PULLMAN, Wash. — The COVID-19 pandemic did more than just upend health disparities among Americans the past two years. A new study finds the economic divide between the “haves” and the “have-nots” continued to grow during this time, too.
Researchers from Washington State University collected data from 315 employed adults across 45 states and Washington, D.C. and analyzed the impact of precarity — a persistent insecurity in employment or income. Researchers looked at measures like job insecurity, financial insecurity, prior unemployment, household income, and underemployment.
Amazon’s crowdsourcing site MTurk helped to recruit the participants between October and December 2020. The study did not include unemployed individuals and most of the participants had traditional employment rather than freelance or contract work — typical of the gig economy.
Researchers found that most employees either had all positives or negatives on these measures with little in between.
“We were expecting to find different nuanced groups. We didn’t. We only found two: those that were doing well and those what were doing really poorly,” says WSU study lead author and psychology doctoral candidate Andrea Bazzoli, in a university release. “It’s a sign of a two-speed economy and the K-shaped economic recovery: some people are being left behind. That is pretty concerning as we recover as a nation from the COVID-19 pandemic.”
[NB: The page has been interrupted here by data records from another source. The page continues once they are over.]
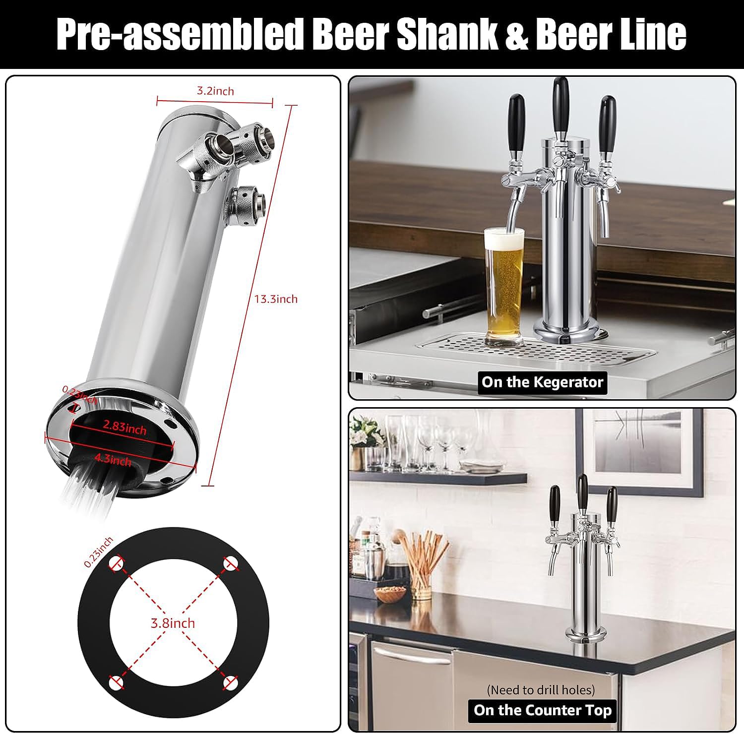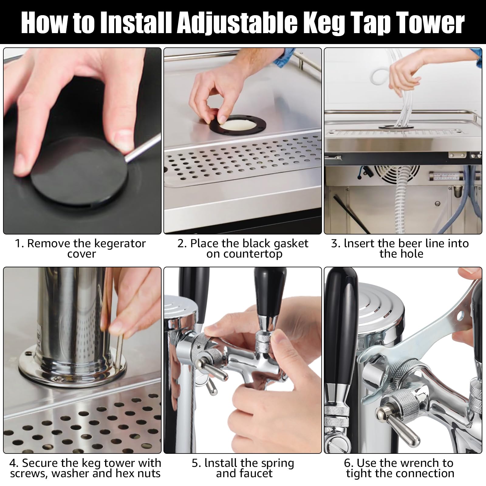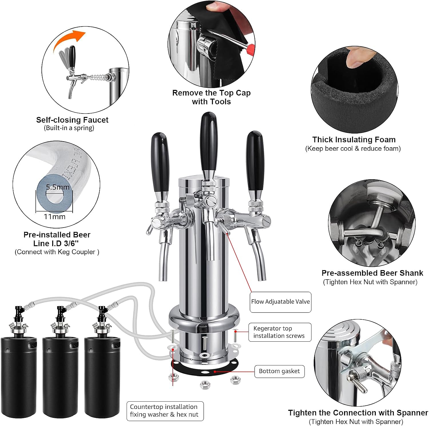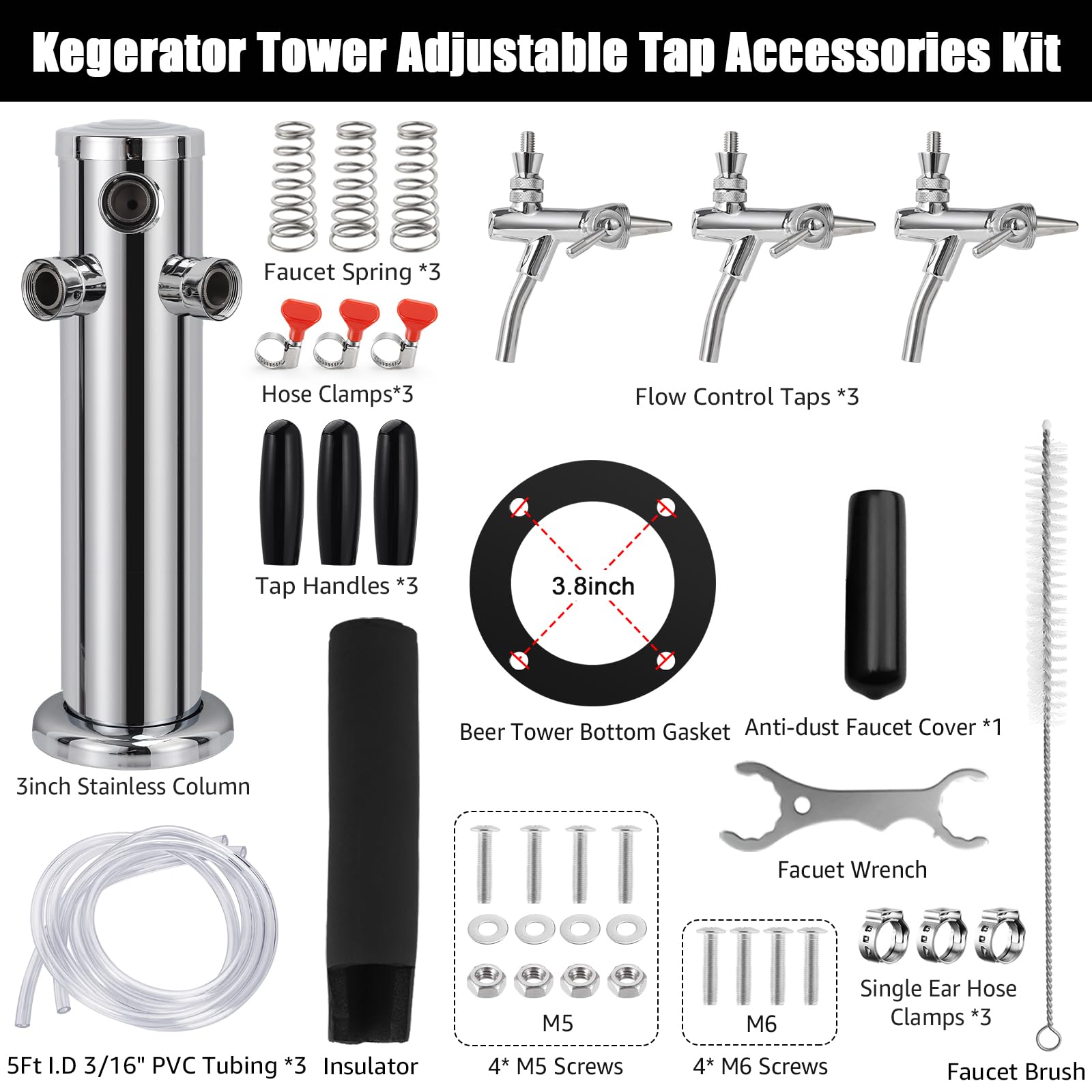 Triple Tap Kegerator Tower Kit: This beer tap tower includes a complete set of kegerator parts: 1* 3'' stainless steel tower, 3* 5ft ID 3/16'' pre-assembled beer lines, 3* flow control beer faucets, faucet covers, a faucet brush, 3* tap handles, screws,washers,nuts,gasket,6* hose clamps and a faucet wrench. Following mounting steps, beer keg tower is easy to be set up on the kegerator or countertop in just minutes. Each component is robustly constructed to prevent leaks and ensure durability.
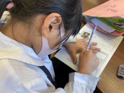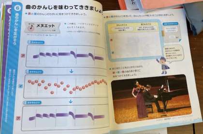 「メヌエット」を聞いて、ワークシートに聴いた感想や曲の感じを書き込みました。
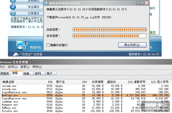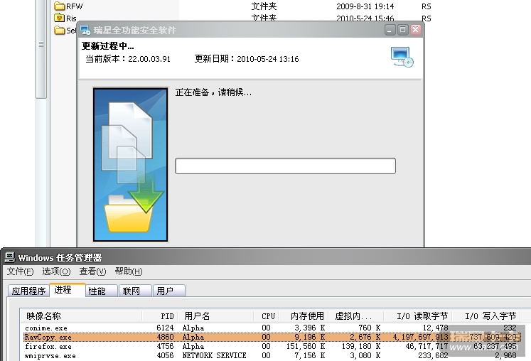 升级过程中测得Rising文件夹约330MB,Application Data文件夹约200MB,Local Settings文件夹约600MB,升级结束后基本相同。
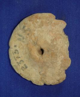 | Description / विवरण | Terracotta wheel with a perforated hole at the center, which is bi-convex, the hole is to fix it with axle of the toy cart, the wheel is crudely finished. |
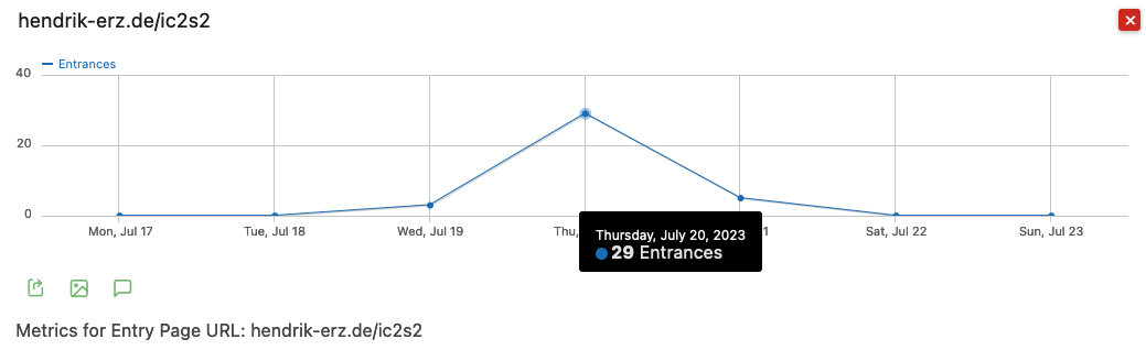 Since the link was reasonably easy to memorize, I could rest assured that some people would actually go there. This has immense benefits. First, I could contextualize my poster within the context that the readers of the website would all be at IC2S2. But, even better: by looking at the website analytics, I could see how many people have actually visited the link, giving me a rough estimate of how popular my poster was. Since I did not link the page anywhere else, every click must have come from a person standing in front of my poster. Have a look: With my analytics, I can see that 29 people have actually looked up information. July 20th was the day my poster was actually presented. The clicks the day before was just me seeing if everything worked as intended.

According to the study, there wasn’t much difference demographically among the haves and have-nots in terms of gender, race, and age. Researchers say those doing well had more education than the have-nots. Specifically, 50 percent of employees who were doing well had college degrees, compared to just 35 percent of the workers who were faring poorly.
Things could be worse for gig workers
The have-nots also experienced worse physical health, life satisfaction, and higher levels of work-family conflict.
Study co-author Tahira Probst, a psychology professor at Washington State University, notes that precarity can create a spiraling effect. For example, if employees are receiving poor pay, they might not be able to go see a doctor, which leads to poor health and makes them less fit for their jobs.
“These cycles have implications for organizations as well as for the employees themselves,” says Probst. “This serves as a warning: as we see increasing reliance on non-standard employment relationships in the gig economy that by definition, contractually, have higher levels of precocity, we’re going to see more people falling into this group with more instances of these negative outcomes. Therefore, it is important for companies and society at large to identify places where we can short-circuit these loss spirals.”
Bazzoli and Probst say more research is necessary, including replicating these results with a broader group of U.S. workers and extending the analysis to include European workers to see if countries with stronger safety nets have different outcomes for employees. Moreover, Bazzoli called the precarious work arrangements in a gig economy a “double-edged sword.”
“Organizations might see some benefits from non-standard work arrangements because they save money, but it comes with side effects of a less healthy, less productive and less committed workforce,” explains Bazzoli. “Is it worth prioritizing the short-term goal of saving money by using those types of arrangements? Because there are long-term consequences.”
The study is published in the International Journal of Environmental Research and Public Health.